┌─ TASK INPUTS

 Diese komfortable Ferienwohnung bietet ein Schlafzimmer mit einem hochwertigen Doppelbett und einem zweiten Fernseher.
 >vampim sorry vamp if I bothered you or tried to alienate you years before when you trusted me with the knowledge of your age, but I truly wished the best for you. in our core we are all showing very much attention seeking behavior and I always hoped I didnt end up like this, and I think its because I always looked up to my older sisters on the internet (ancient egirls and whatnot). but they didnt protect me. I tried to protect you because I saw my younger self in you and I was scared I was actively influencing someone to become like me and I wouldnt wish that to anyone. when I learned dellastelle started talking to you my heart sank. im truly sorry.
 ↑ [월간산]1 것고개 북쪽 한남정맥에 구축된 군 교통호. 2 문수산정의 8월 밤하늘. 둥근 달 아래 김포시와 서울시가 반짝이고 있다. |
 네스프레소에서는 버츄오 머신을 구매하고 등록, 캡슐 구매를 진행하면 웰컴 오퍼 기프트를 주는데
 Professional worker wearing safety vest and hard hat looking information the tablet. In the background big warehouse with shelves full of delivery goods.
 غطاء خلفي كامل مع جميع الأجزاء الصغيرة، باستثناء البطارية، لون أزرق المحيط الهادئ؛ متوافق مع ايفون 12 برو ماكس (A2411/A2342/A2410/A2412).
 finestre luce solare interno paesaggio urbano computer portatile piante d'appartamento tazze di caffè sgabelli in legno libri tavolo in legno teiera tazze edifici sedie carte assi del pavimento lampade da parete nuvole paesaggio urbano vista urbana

└─
┌─ TASK INPUTS

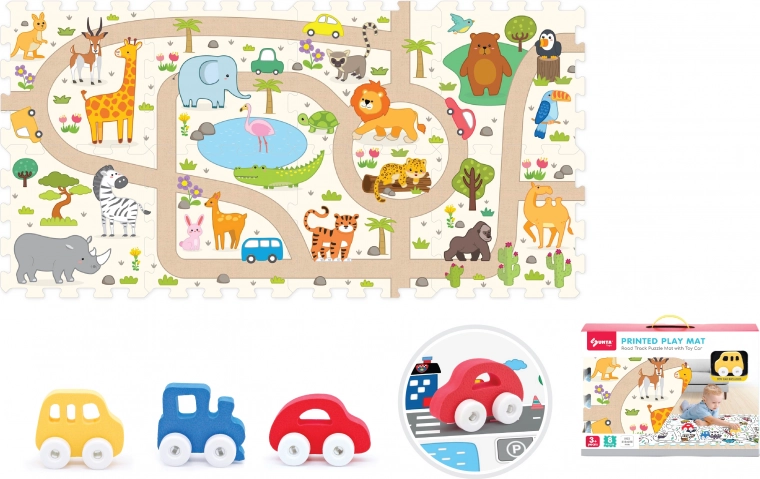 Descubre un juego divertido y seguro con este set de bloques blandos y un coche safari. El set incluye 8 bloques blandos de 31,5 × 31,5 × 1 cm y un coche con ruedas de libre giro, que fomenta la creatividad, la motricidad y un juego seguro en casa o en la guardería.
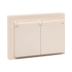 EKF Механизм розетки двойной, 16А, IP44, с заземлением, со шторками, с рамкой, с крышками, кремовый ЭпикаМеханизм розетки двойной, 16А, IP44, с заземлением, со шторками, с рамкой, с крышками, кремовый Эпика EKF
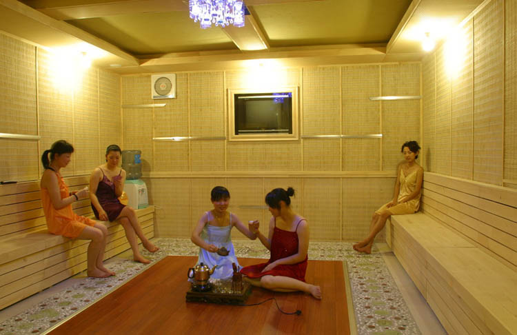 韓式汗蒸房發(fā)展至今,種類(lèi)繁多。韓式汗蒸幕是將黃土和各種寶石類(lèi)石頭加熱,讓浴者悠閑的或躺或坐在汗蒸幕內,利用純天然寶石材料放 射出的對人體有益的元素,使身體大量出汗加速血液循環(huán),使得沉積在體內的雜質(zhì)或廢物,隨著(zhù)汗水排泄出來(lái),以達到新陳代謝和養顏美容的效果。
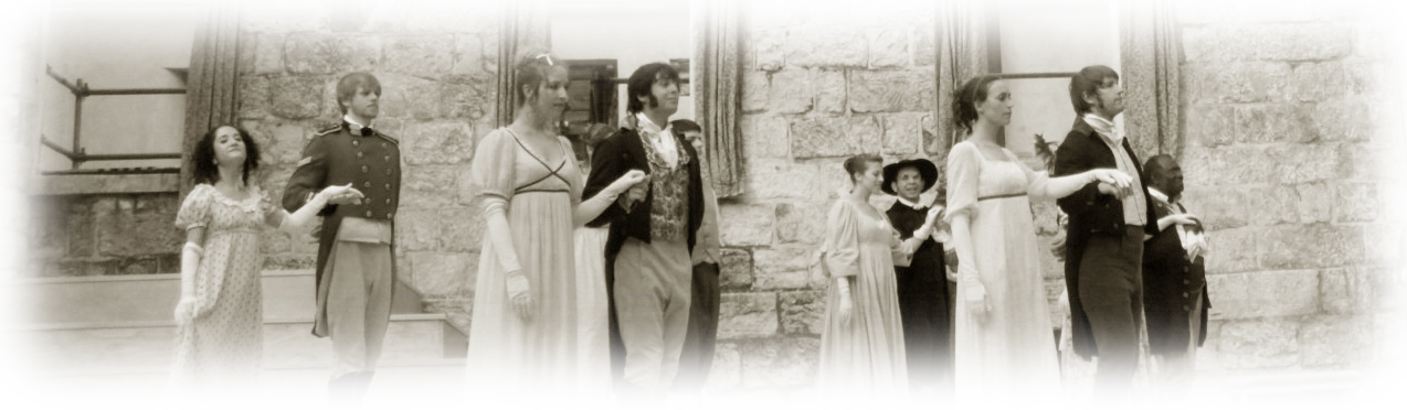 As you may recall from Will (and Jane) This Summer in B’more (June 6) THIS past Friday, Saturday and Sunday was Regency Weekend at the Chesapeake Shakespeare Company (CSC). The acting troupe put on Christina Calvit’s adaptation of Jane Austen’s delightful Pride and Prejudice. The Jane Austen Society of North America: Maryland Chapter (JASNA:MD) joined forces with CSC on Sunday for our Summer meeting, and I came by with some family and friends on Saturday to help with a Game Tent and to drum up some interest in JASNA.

└─

> [PROBLEM REQUIREMENTS]:
In the entries above, please find the line with "Diese komfortable Ferienwohnung" and the line with "غطاء خلفي كامل", then write out exactly those two lines and every line between them, and nothing more.

> [TASK RESPONSE]:
 Diese komfortable Ferienwohnung bietet ein Schlafzimmer mit einem hochwertigen Doppelbett und einem zweiten Fernseher.
 >vampim sorry vamp if I bothered you or tried to alienate you years before when you trusted me with the knowledge of your age, but I truly wished the best for you. in our core we are all showing very much attention seeking behavior and I always hoped I didnt end up like this, and I think its because I always looked up to my older sisters on the internet (ancient egirls and whatnot). but they didnt protect me. I tried to protect you because I saw my younger self in you and I was scared I was actively influencing someone to become like me and I wouldnt wish that to anyone. when I learned dellastelle started talking to you my heart sank. im truly sorry.
 ↑ [월간산]1 것고개 북쪽 한남정맥에 구축된 군 교통호. 2 문수산정의 8월 밤하늘. 둥근 달 아래 김포시와 서울시가 반짝이고 있다. |
 네스프레소에서는 버츄오 머신을 구매하고 등록, 캡슐 구매를 진행하면 웰컴 오퍼 기프트를 주는데
 Professional worker wearing safety vest and hard hat looking information the tablet. In the background big warehouse with shelves full of delivery goods.
 غطاء خلفي كامل مع جميع الأجزاء الصغيرة، باستثناء البطارية، لون أزرق المحيط الهادئ؛ متوافق مع ايفون 12 برو ماكس (A2411/A2342/A2410/A2412).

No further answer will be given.